Please retype the data in full and exactly; the pictures are not part of the copy.
Study material Start Marker
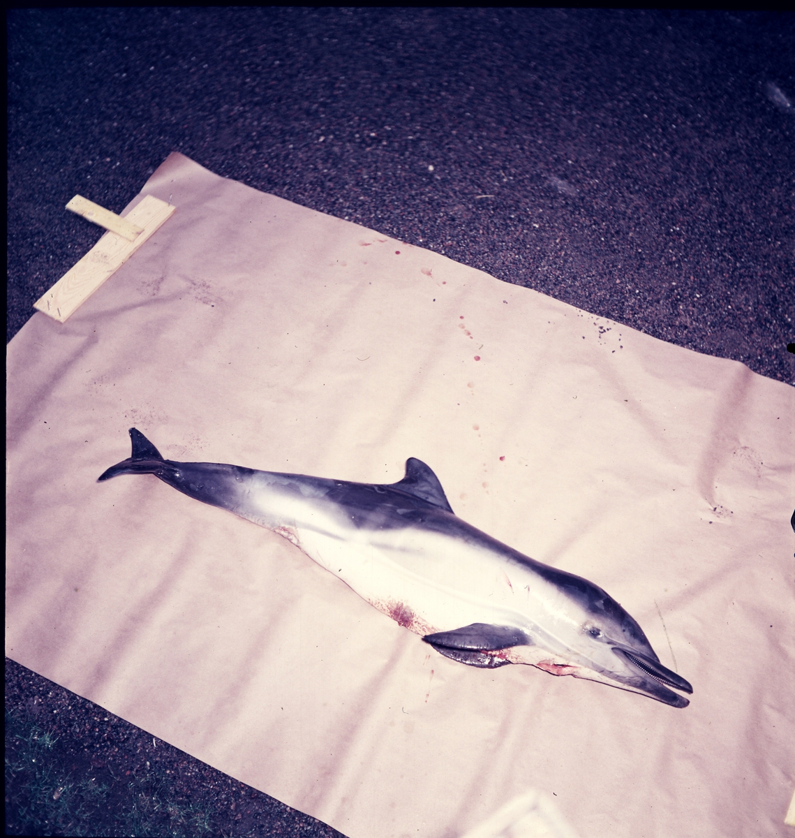 'Delfin liggande på papper på marken. Fynddatum 1957-02-17. :: :: Ingår i serie med fotonr. 4675:1-3.'
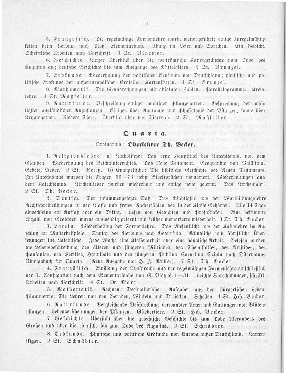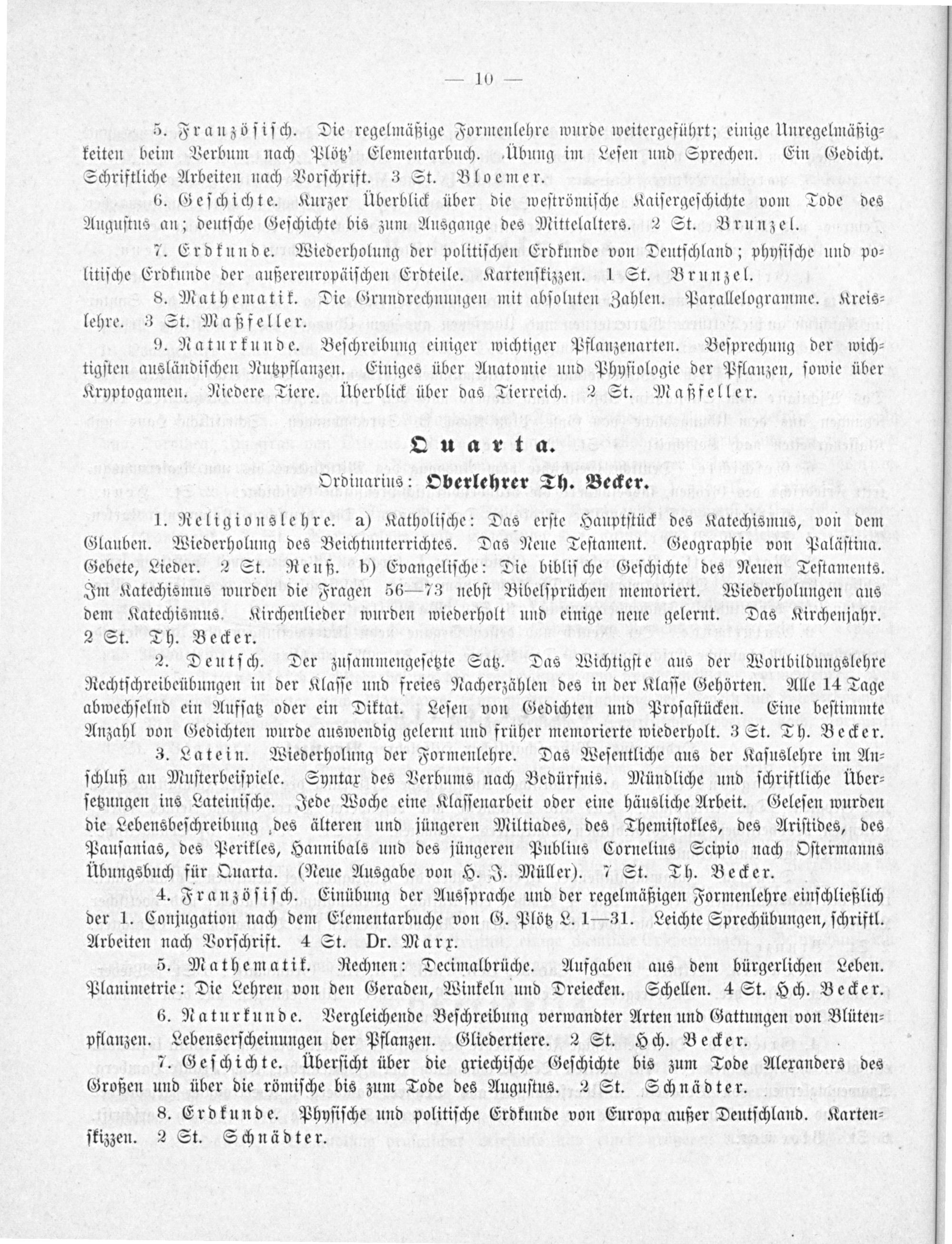 OQuarta. Ordinarius: Oberlehrer Th. Becker.
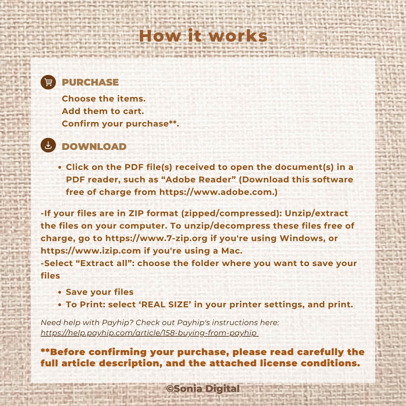 ▶️ Note: PDF ONLY, YOU Print. This is a DIGITAL PRODUCT and downloading is instantaneous. NO printed/physical product will be sent/shipped to you.
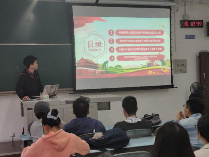 首先,唐茂森同志组织同学们观看爱国视频《建国大业》和《我和我的祖国》部分片段,拉开了爱国教育学习会活动的序幕。通过PPT向同学们展示新时代爱国主义学习会的内容,以“新时代爱国主义”为主题,唐茂森同学通过七个章节,简要介绍了我们国家的近代发展史,展示了中国70年来的辉煌成就以及对新时代老员工的启发。
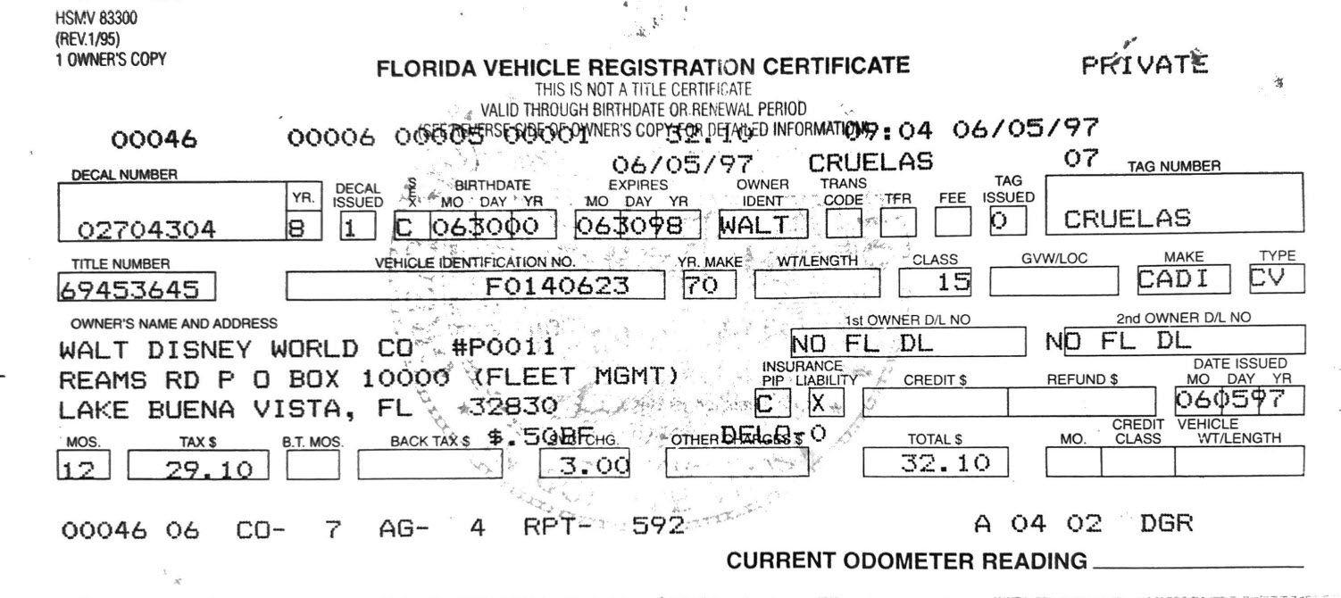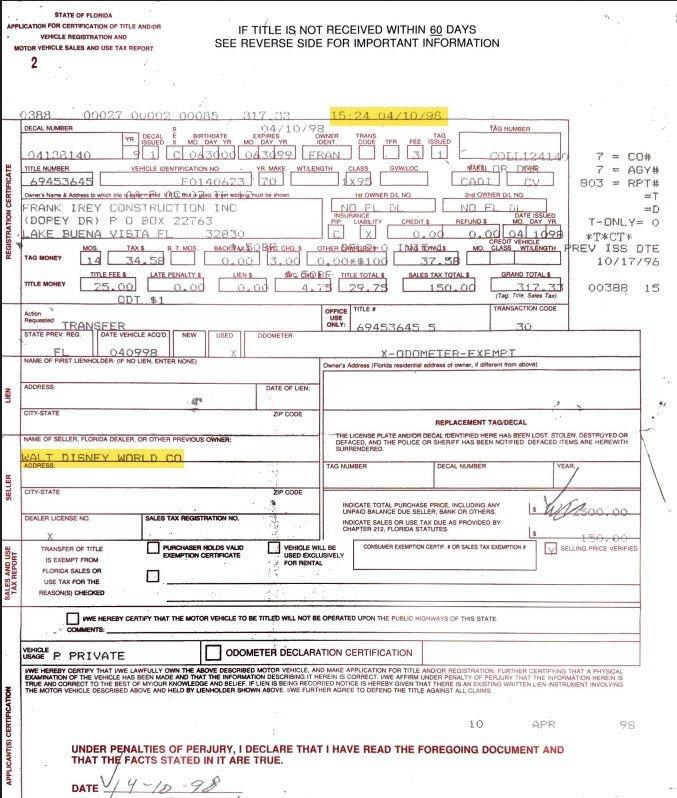 Original Florida registration listing Walt Disney World as the owner, with matching VIN
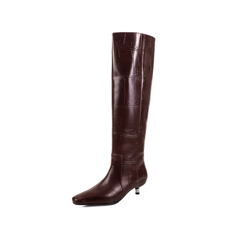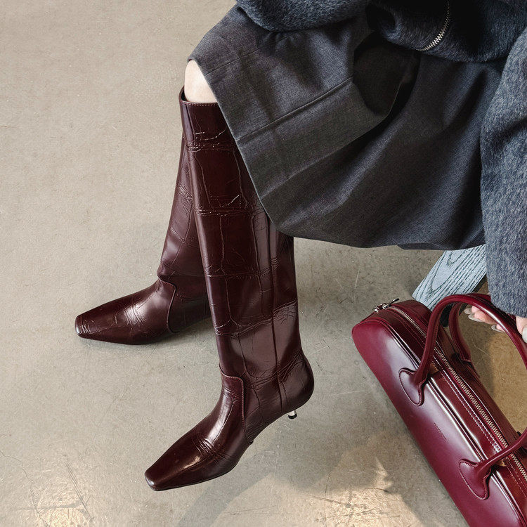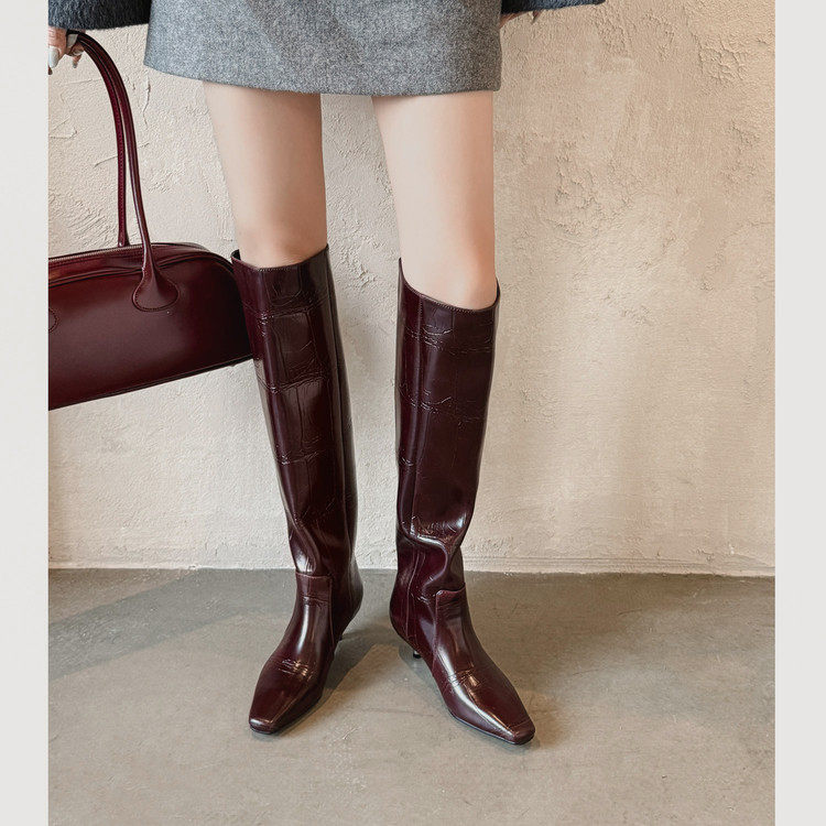 4cm法式 及膝大筒围显腿直长筒靴女 细跟方头骑士靴欧美风直筒时尚
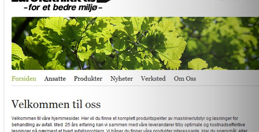 EuroTeknikk as ble grunnlagt i 1985 og er i dag Norges eldste og ledende totalleverandør av avfallsteknisk utstyr. AFFY har levert webdesign og publiseringsløsning
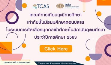 ทปอ. ประกาศ เกณฑ์การเทียบวุฒิการศึกษาเท่ากับชั้นมัธยมศึกษาตอนปลาย ใน TCAS63 EZ Webmaster September 26, 2019 ทปอ. ประกาศ เกณฑ์การเทียบวุฒิการศึกษาเท่ากับชั้นมัธยมศึกษาตอนปลาย ใน #TCAS63 สำหรับผู้ที่ใช้วุฒิการศึกษาเทียบเท่าจากต่างประเทศ เช่น GED หรือ ผู้สำเร็จการศึกษาจากต่างประเทศ เป็นต้น ที่จะเข้าคัดเลือกใน #TCAS63 โหลดที่ >> คลิก Continue Reading
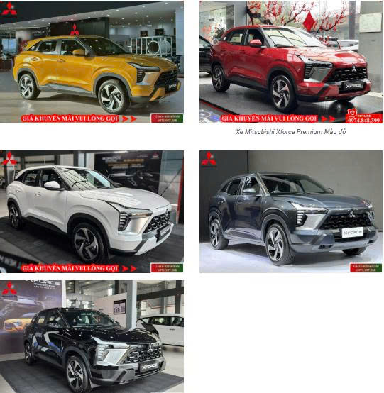 – Mitsubishi Xforce Premium 5 màu: trắng, đen, đỏ, xám, vàng
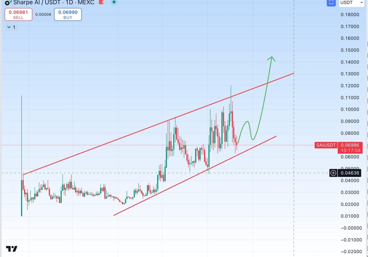 Denní graf Sharpe AI ( #SAI ) v současnosti trenduje v rostoucím kanálu, ukazuje stabilní růst. 📈
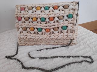 Bolso tipo rafia con un diseño étnico y veraniego. Presenta una banda decorativa en la parte superior con bordados y pequeños espejos, y una fila de flecos de colores con abalorios en la parte inferior. - Material: Rafia - Adornos: Bordados, espejos y flecos con abalorios - Correa: Incluye correa ajustable - Nunca usado.
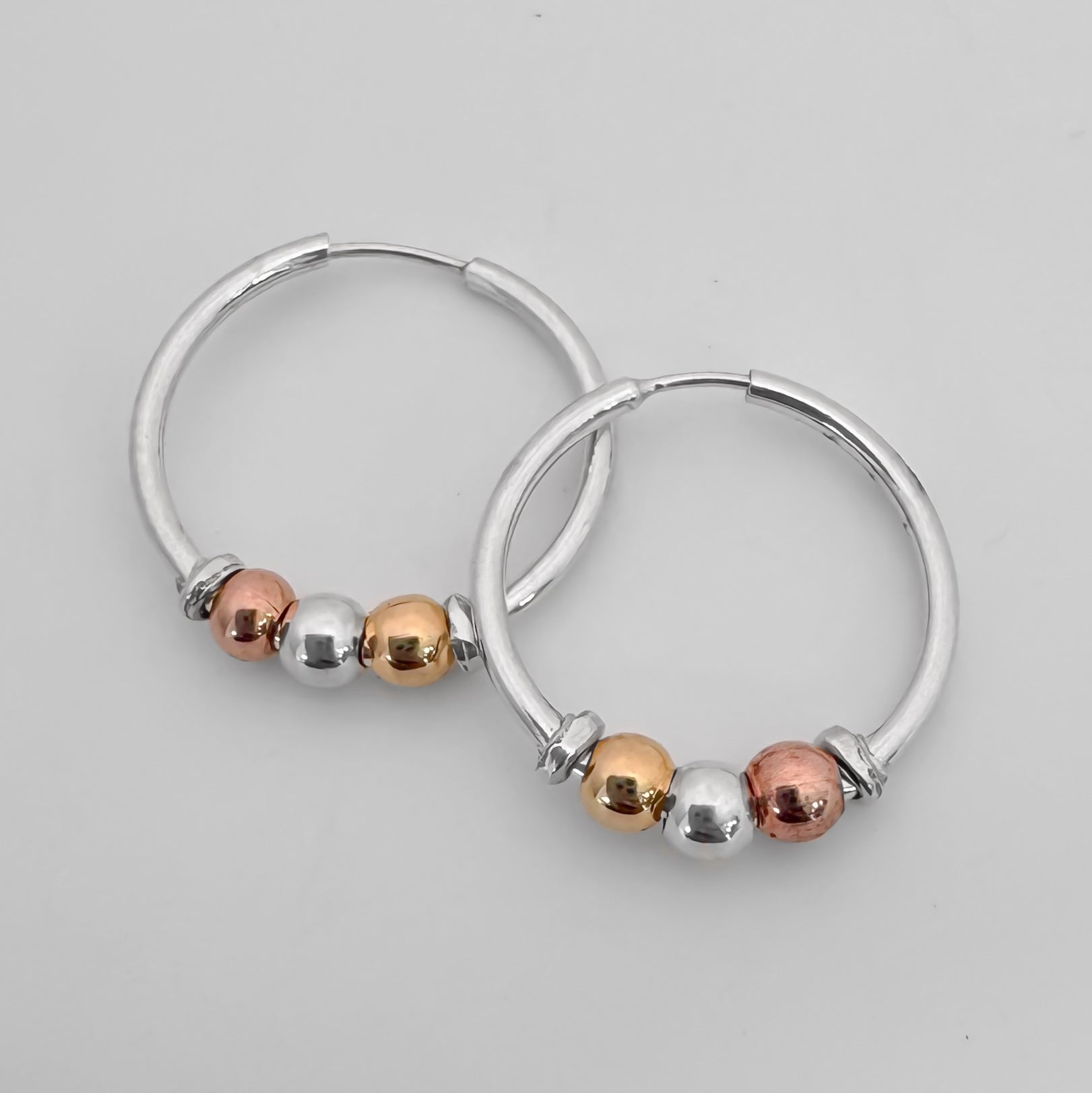Candongas en Plata 925 con balines, los balines tienen un baño en oro de 18k de oro amarillo y oro rosado.
Study material End Marker
Reply to the task
 'Delfin liggande på papper på marken. Fynddatum 1957-02-17. :: :: Ingår i serie med fotonr. 4675:1-3.'
 OQuarta. Ordinarius: Oberlehrer Th. Becker.
 ▶️ Note: PDF ONLY, YOU Print. This is a DIGITAL PRODUCT and downloading is instantaneous. NO printed/physical product will be sent/shipped to you.
 首先,唐茂森同志组织同学们观看爱国视频《建国大业》和《我和我的祖国》部分片段,拉开了爱国教育学习会活动的序幕。通过PPT向同学们展示新时代爱国主义学习会的内容,以“新时代爱国主义”为主题,唐茂森同学通过七个章节,简要介绍了我们国家的近代发展史,展示了中国70年来的辉煌成就以及对新时代老员工的启发。
 Original Florida registration listing Walt Disney World as the owner, with matching VIN
 4cm法式 及膝大筒围显腿直长筒靴女 细跟方头骑士靴欧美风直筒时尚
 EuroTeknikk as ble grunnlagt i 1985 og er i dag Norges eldste og ledende totalleverandør av avfallsteknisk utstyr. AFFY har levert webdesign og publiseringsløsning
 ทปอ. ประกาศ เกณฑ์การเทียบวุฒิการศึกษาเท่ากับชั้นมัธยมศึกษาตอนปลาย ใน TCAS63 EZ Webmaster September 26, 2019 ทปอ. ประกาศ เกณฑ์การเทียบวุฒิการศึกษาเท่ากับชั้นมัธยมศึกษาตอนปลาย ใน #TCAS63 สำหรับผู้ที่ใช้วุฒิการศึกษาเทียบเท่าจากต่างประเทศ เช่น GED หรือ ผู้สำเร็จการศึกษาจากต่างประเทศ เป็นต้น ที่จะเข้าคัดเลือกใน #TCAS63 โหลดที่ >> คลิก Continue Reading
 – Mitsubishi Xforce Premium 5 màu: trắng, đen, đỏ, xám, vàng
 Denní graf Sharpe AI ( #SAI ) v současnosti trenduje v rostoucím kanálu, ukazuje stabilní růst. 📈
 Bolso tipo rafia con un diseño étnico y veraniego. Presenta una banda decorativa en la parte superior con bordados y pequeños espejos, y una fila de flecos de colores con abalorios en la parte inferior. - Material: Rafia - Adornos: Bordados, espejos y flecos con abalorios - Correa: Incluye correa ajustable - Nunca usado.
Candongas en Plata 925 con balines, los balines tienen un baño en oro de 18k de oro amarillo y oro rosado.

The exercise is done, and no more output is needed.